On the other hand, the e-Invoice should encompass, at the very least, the PPMSE’s designation, the recipient’s title, the e-Invoice’s serial number, the date of e-Invoice issuance, the specifics of the items, the item codes, the item quantities, the item units of measurement, the item prices in accordance with Incoterms DDP specifications, currency types, exchange rates, valuations, types, and the entities providing promotions, if applicable, URL links to the items, and the recipient’s contact details.

Furthermore, the price data section of the regulation stipulates a comprehensive breakdown, including item prices in compliance with Free on Board (FOB) Incoterms, insurance coverage, the transportation costs or shipping expenses from the point of origin to the entry point, import duties and taxes, and sundry other ancillary costs. The overarching objective here is to equip Customs and Excise with the knowledge to ascertain the actual value of the shipped goods.

Benefits of the New Import Process Regulations

The true essence of these regulations lies in the multitude of advantages they offer. First and foremost, these regulations are envisioned to establish a bulwark for Micro, Small, and Medium Enterprises (MSMEs) within the nation. The driving force behind this shield is the reduction in the importation of consumer goods, which, in turn, creates a more level playing field for MSMEs in the local market.

The potential emergence of more competitively priced local products is poised to empower MSMEs, facilitating their growth and expansion. Beyond fortifying MSMEs, these regulations chart a course toward bolstering Indonesia’s economic self-sufficiency. By diminishing reliance on imported consumer goods, the nation can recalibrate its focus towards domestic production and consumption, thereby invigorating the wheels of domestic economic growth.
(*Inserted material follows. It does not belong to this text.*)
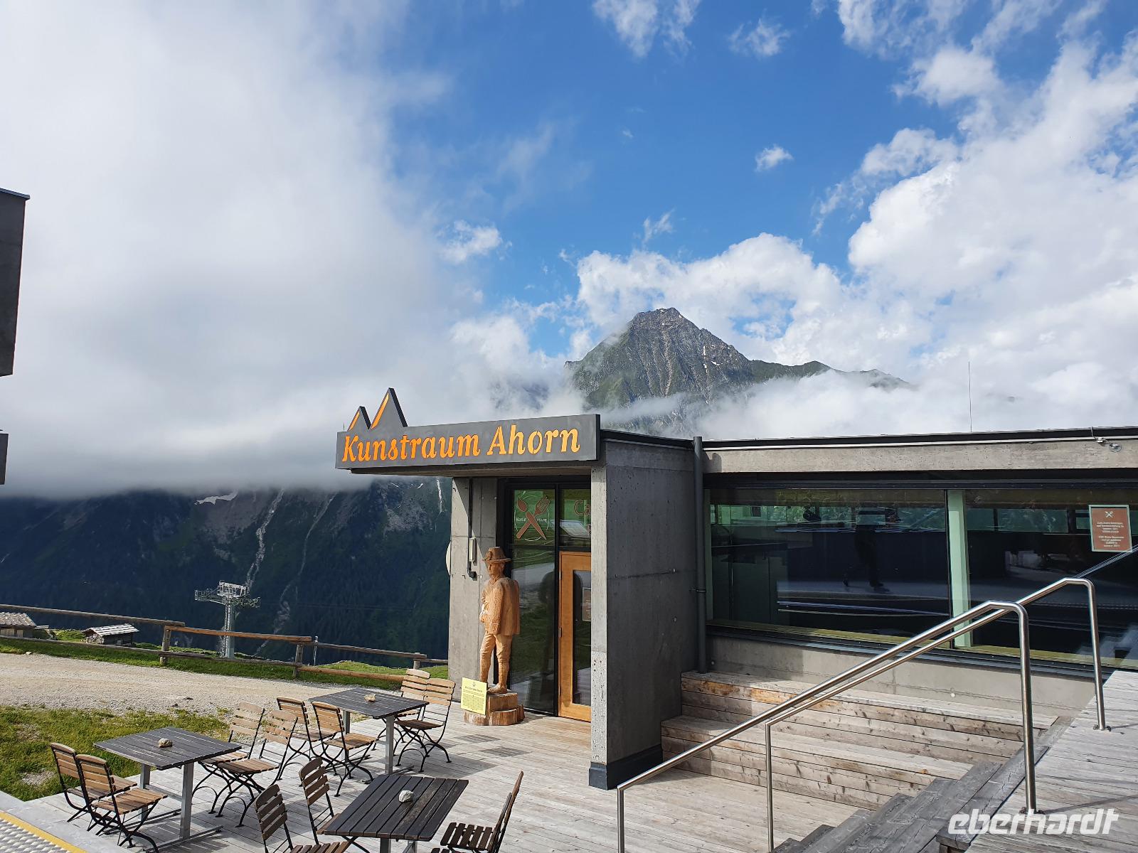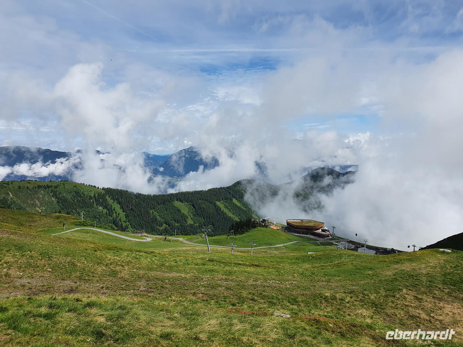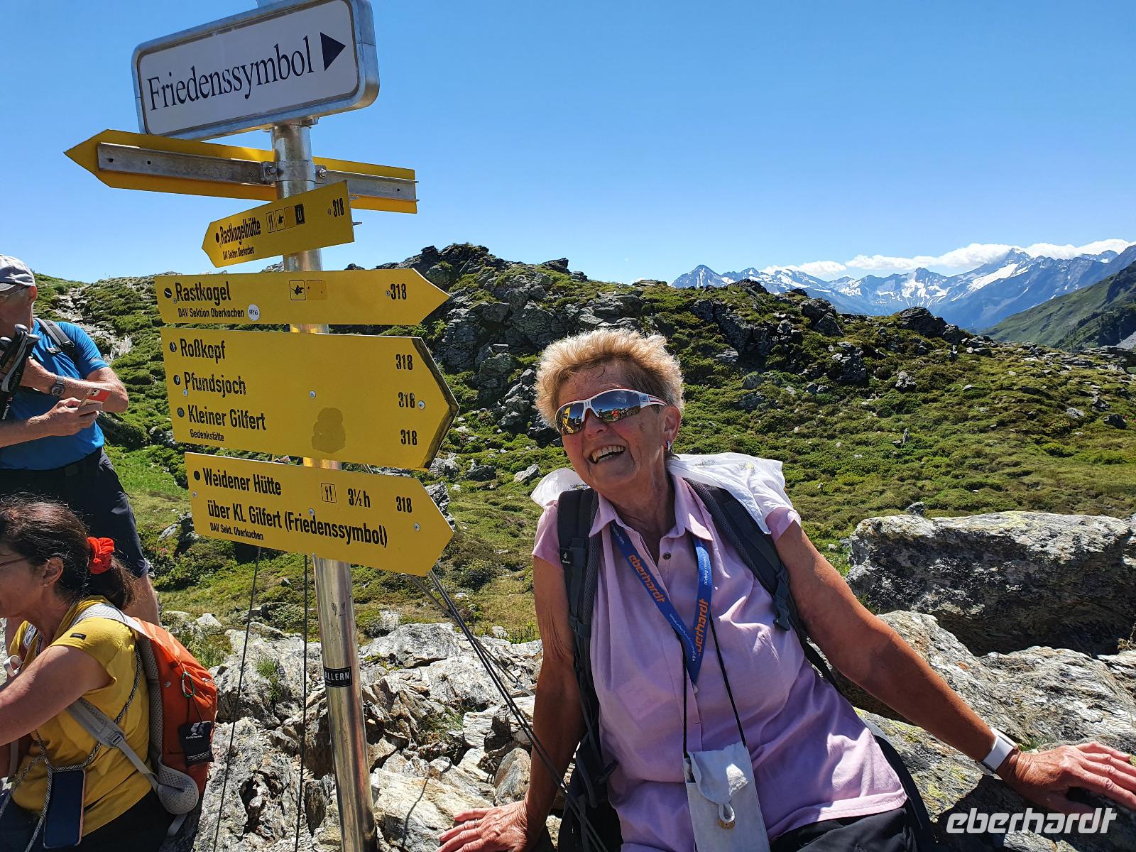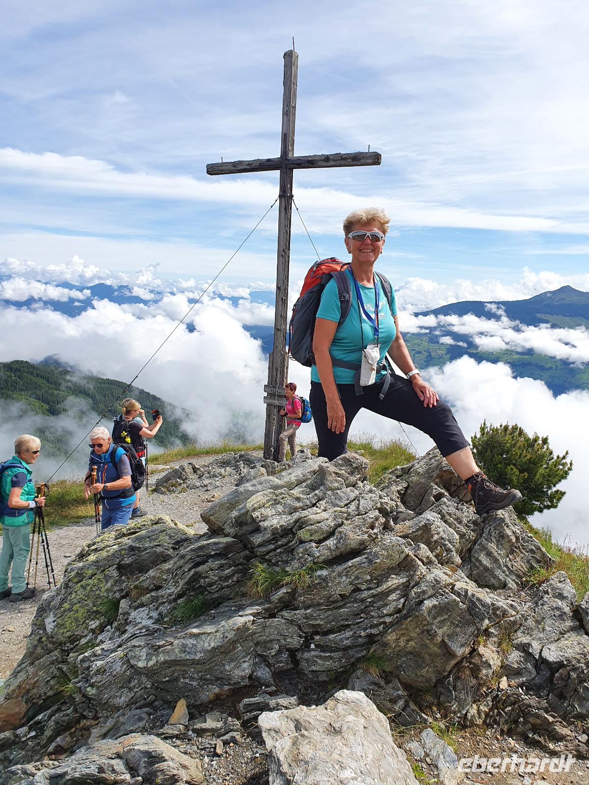 8 Gäste entschieden sich, mit uns per Seilbahn auf das Ahornplateau zu fahren. Oben gab es dann verschiedene Möglichkeiten an kleineren und größeren Wanderungen. 4 Singles schlossen sich Steffie und mir an und wir wanderten zur Edelhütte. Das war eine wunderschöne Tour mit Aussichten hinunter ins Zillertal und hinauf zur Ahornspitze. Nach einem recht steilen Anstieg erreichten wir die Hütte und hatten zu Mittag wieder eine reichliche Auswahl. Der Hüttenwirt machte ein Schwätzchen mit uns und trug uns Grüße für unsere Hotelchefin auf. Leider wurden die Wolken immer dichter und so war der Abstieg teilweise in Wolken, teilweise mit freier Sicht. Wieder unten am Ahornplateau machten wir eine Runde auf einem schönen Aussichtsweg und kehrten dann noch einmal im Panorama Restaurant auf Kaffee und Kuchen ein. Eine Dame hatte unsere Gruppe schon früher verlassen, weil sie einen aktuellen Test für die Einreise nach Italien brauchte. Wieder unten in Mayrhofen schien die Sonne und so bummelte jeder gemütlich zurück zum Hotel. Zum Abendessen gingen wir ins Hotel Berghof gleich neben unserem Hotel. Beim Abendessen gab es einen regen Austausch über das Erlebte am Ruhetag.

Another compelling advantage lies in the stabilization of prices in the domestic market. The reduction in competition from imported goods can lend a stabilizing influence to the prices of locally manufactured products, which is an unequivocal boon for consumers.

Moreover, these regulatory changes serve as a catalyst for the increase in the production of consumer goods within the national borders. This heightened domestic production can create a slew of fresh employment opportunities, acting as a shot in the arm for the manufacturing sector in Indonesia.

In summation, these regulations represent a decisive stride towards a more robust control over the national trade balance and a palpable reduction in the trade deficit. This can potentially serve as a linchpin for preserving the stability of the national economy while concurrently reducing the dependence on imported consumer goods.